• [Exercise details]:
Pictures do not belong in the copy; retype the records below exactly.

Provided information START

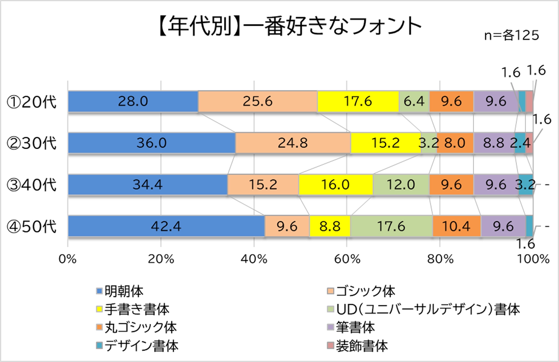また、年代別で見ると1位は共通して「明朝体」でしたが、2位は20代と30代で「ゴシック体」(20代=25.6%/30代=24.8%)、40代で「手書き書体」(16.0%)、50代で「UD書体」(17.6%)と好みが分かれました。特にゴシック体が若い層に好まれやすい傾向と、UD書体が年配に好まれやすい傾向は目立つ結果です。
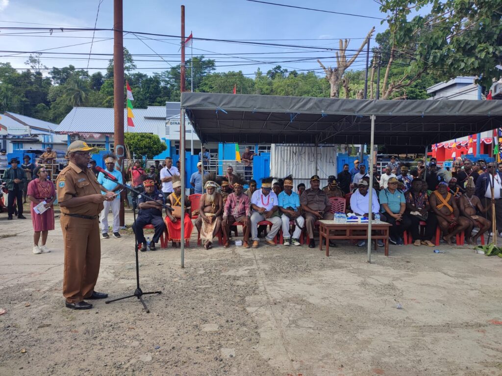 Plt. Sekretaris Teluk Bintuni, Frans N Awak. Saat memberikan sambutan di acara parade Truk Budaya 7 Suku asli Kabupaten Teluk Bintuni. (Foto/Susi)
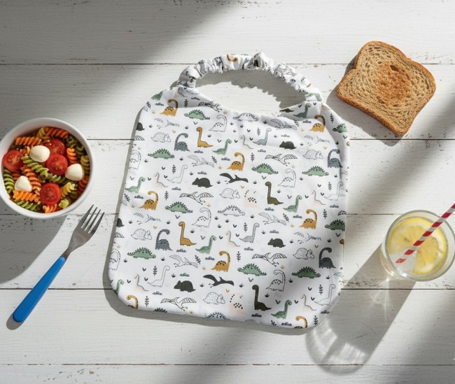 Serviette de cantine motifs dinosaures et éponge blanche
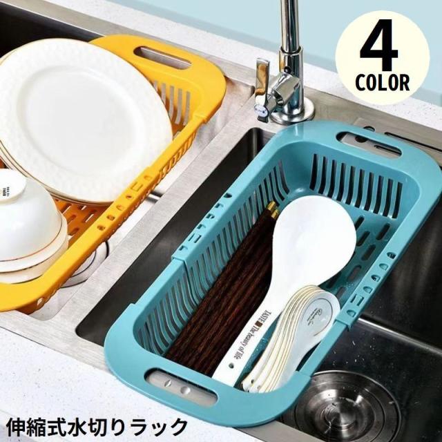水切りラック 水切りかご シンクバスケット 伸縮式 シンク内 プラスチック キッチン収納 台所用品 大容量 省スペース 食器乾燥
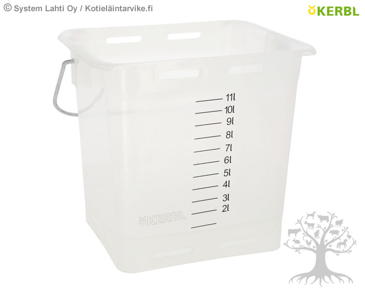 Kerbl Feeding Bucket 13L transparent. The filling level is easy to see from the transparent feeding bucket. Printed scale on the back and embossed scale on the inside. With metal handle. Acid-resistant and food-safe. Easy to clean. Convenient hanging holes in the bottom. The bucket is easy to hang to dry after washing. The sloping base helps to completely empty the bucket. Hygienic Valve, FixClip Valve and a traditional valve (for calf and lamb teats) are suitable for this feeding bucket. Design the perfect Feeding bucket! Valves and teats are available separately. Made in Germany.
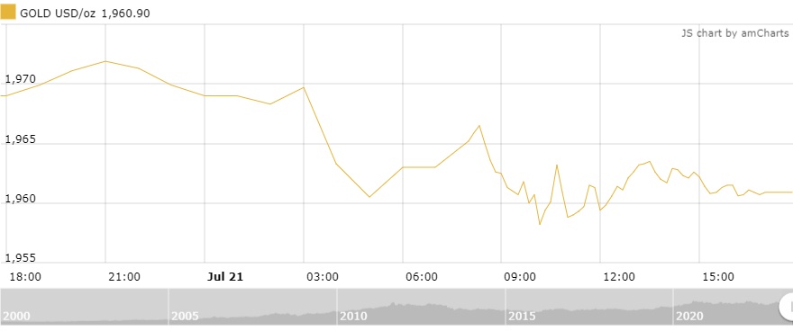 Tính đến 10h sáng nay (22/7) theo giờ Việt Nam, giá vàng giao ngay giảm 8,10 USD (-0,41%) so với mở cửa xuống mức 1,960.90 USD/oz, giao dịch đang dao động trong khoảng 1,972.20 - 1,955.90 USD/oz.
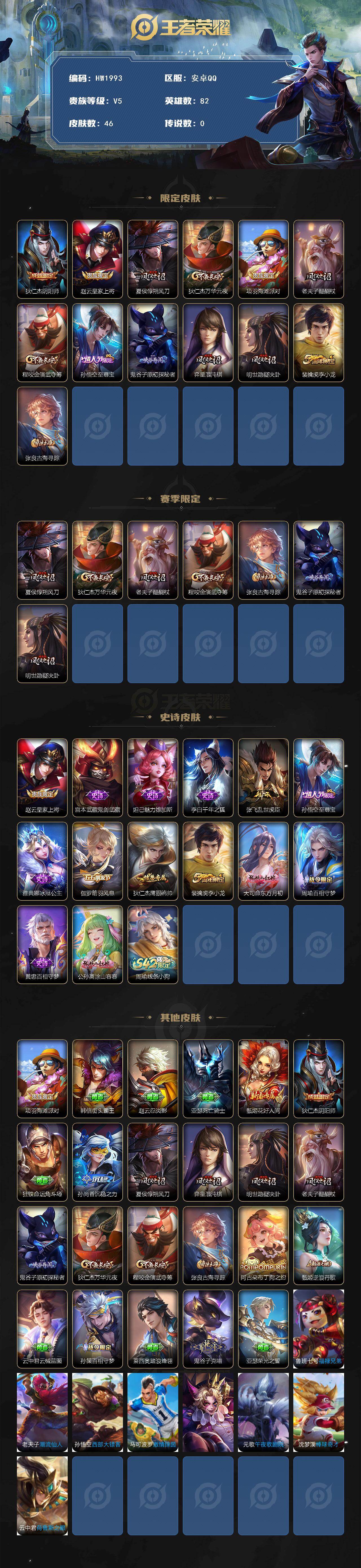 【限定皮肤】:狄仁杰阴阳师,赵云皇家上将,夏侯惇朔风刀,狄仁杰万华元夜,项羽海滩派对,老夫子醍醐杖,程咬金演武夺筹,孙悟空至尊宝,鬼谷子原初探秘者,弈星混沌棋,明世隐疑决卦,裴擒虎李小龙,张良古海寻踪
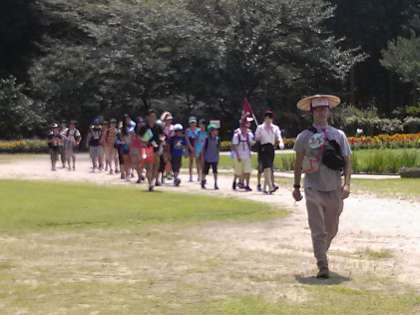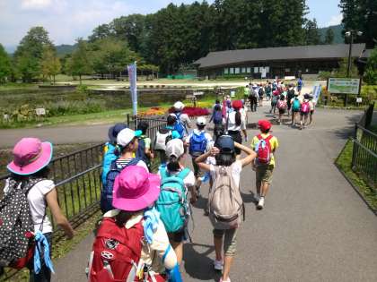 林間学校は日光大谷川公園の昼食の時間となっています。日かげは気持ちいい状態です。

Provided information END

• [Solution below]:
また、年代別で見ると1位は共通して「明朝体」でしたが、2位は20代と30代で「ゴシック体」(20代=25.6%/30代=24.8%)、40代で「手書き書体」(16.0%)、50代で「UD書体」(17.6%)と好みが分かれました。特にゴシック体が若い層に好まれやすい傾向と、UD書体が年配に好まれやすい傾向は目立つ結果です。
 Plt. Sekretaris Teluk Bintuni, Frans N Awak. Saat memberikan sambutan di acara parade Truk Budaya 7 Suku asli Kabupaten Teluk Bintuni. (Foto/Susi)
 Serviette de cantine motifs dinosaures et éponge blanche
水切りラック 水切りかご シンクバスケット 伸縮式 シンク内 プラスチック キッチン収納 台所用品 大容量 省スペース 食器乾燥
 Kerbl Feeding Bucket 13L transparent. The filling level is easy to see from the transparent feeding bucket. Printed scale on the back and embossed scale on the inside. With metal handle. Acid-resistant and food-safe. Easy to clean. Convenient hanging holes in the bottom. The bucket is easy to hang to dry after washing. The sloping base helps to completely empty the bucket. Hygienic Valve, FixClip Valve and a traditional valve (for calf and lamb teats) are suitable for this feeding bucket. Design the perfect Feeding bucket! Valves and teats are available separately. Made in Germany.
 Tính đến 10h sáng nay (22/7) theo giờ Việt Nam, giá vàng giao ngay giảm 8,10 USD (-0,41%) so với mở cửa xuống mức 1,960.90 USD/oz, giao dịch đang dao động trong khoảng 1,972.20 - 1,955.90 USD/oz.
 【限定皮肤】:狄仁杰阴阳师,赵云皇家上将,夏侯惇朔风刀,狄仁杰万华元夜,项羽海滩派对,老夫子醍醐杖,程咬金演武夺筹,孙悟空至尊宝,鬼谷子原初探秘者,弈星混沌棋,明世隐疑决卦,裴擒虎李小龙,张良古海寻踪
 林間学校は日光大谷川公園の昼食の時間となっています。日かげは気持ちいい状態です。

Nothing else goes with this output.